Only one bed was not filled Thursday at Supermax, U.S. Bureau of Prisons spokeswoman Tracy Billingsley said.
btw, why does he still have money to pay someone
There is something wrong with our justice system when someone convicted of a financial crime receives 150 years in prison while someone who convicted of killing a human being receives a sentences as low as seven years. Having said that I am not justifying what Madoff did or the anguish he caused.
That's true. He stole billions. The government steals trillions and trillions from taxpayers every year.
He got 150 years because he exposed the corruption within the SEC not because he stole $50 Billion dollars.
That said he shouldn’t spend the time in a Supermax with all those others. They should be shot and he should go to a medium security work camp. Those Supermax prisons are expensive.

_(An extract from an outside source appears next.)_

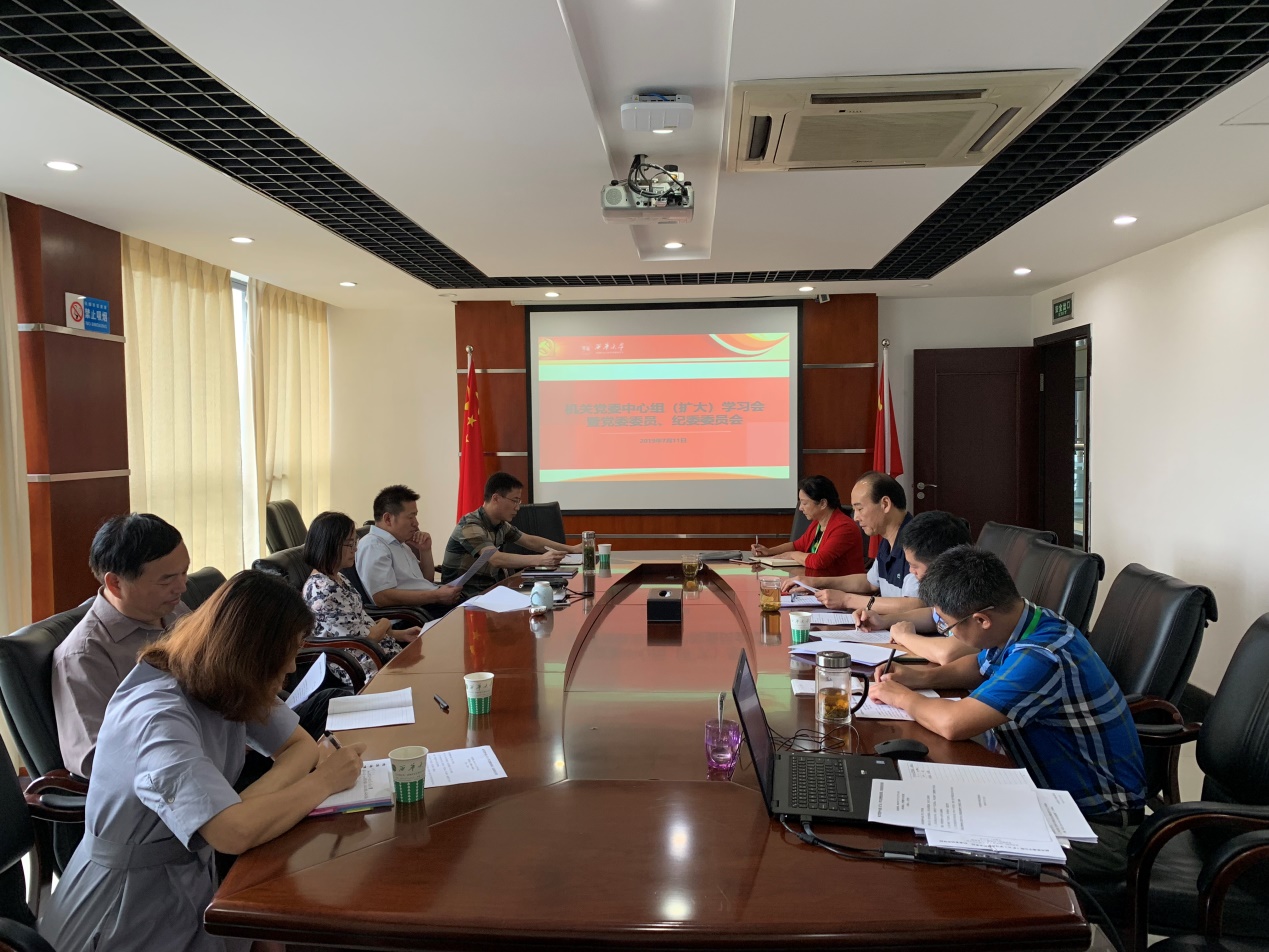 7月11日,机关党委在行政楼413会议室召开中心组(扩大)学习会。机关党委委员、纪委委员、工会委员参加会议,机关党委书记王代言主持学习会。会议强调,要深入学习领会上级组织文件精神,认真贯彻落实学校党委的工作部署,进一步增强政治自觉、思想自觉和行动自觉。

Eglin Federal Prison on Eglin Air Base. No Walls just lines not to cross. A little Golf work and that’s it.
Am I the first person ever to hear the term “prison consultant?”
sheesh...
Unfortunately, in Law, it is necessary to equate human life and money - but not even in Law, also in Commerce (building a large, e.g., public works project is calculated to always cost several human lives because construction workers are killed accidently).
Someone who robs you of $1000 has effectively stolen part of your life - namely, the amount of time you would need to earn / save $1000.
Supposing that you and your extended family were all found guilty of stealing / defrauding / embezzeling $100 million, and ordered by the court to "work it off." That would effectively mean that you and 20 - 30 other persons would be sentenced to servitude for the remainder of your natural lives. But if you, as an individual, were alone guilty, and unable to pay recompense, then that means that the, say, one thousand people whom you defrauded each "lost" approx. $100,000 in life-time.
Furthermore, let's remember that Madoff committed his crimes with deliberation, over a period of many, many years - whereas taking a human life - e.g., in a bar brawl - can be a spontaneous event.
Finally, one should note that Madoff was sentenced to 150 years - but that he will under no circumstances actually sit in prison for 150 years.
Regards,
Hoelter worked on the IRS case with Willie Nelson and that’s when Willie made the album “”IRS tapes or something what ever it was called.
He also was influential in the Leona Helmsley case,too.
Wow. Denver? Really?
He should have got a “LIFE” coach.
Nothing much is achieved by putting Madoff in Supermax except scaring the crap out of him for the rest of his unnatural life and putting his life in constant peril from other prisoners.
That’s not too useful.
IMO he would be better in a medium security prison with minimal creature comforts and a job making license plates. He can’t dig ditches at his age and it would be silly to make him try. But he certainly can stamp license plates, one after the other after the other, day in, day out, week after week, month after year, for the rest of his life.
That would be punishment that fits the crime.
(Liz ping)
“Am I the first person ever to hear the term prison consultant? “
It could almost be a movie title, kind of a sequal to “The Wedding Planner” or something...
Lives lost in construction projects, whether public or private, are not intentional except in those instances where the behavior amounts to gross neglience for which the law then assumes the requisite intent.
I would further suggest you are blurring the lines between civil and criminal proceedings. In criminal trials, any monetary fines are paid to the state and not to the victims. The victims of Madoff's crimes are still free to Madoff in civil actions in which his conviction of federal charges could be used against him.
In civil cases where neither imprisonment or death is available as a rememdy, the standard of proof is far lower which tacitly acknowledges that death or imprisonment is a far more severe sanction than mere monetary penalties.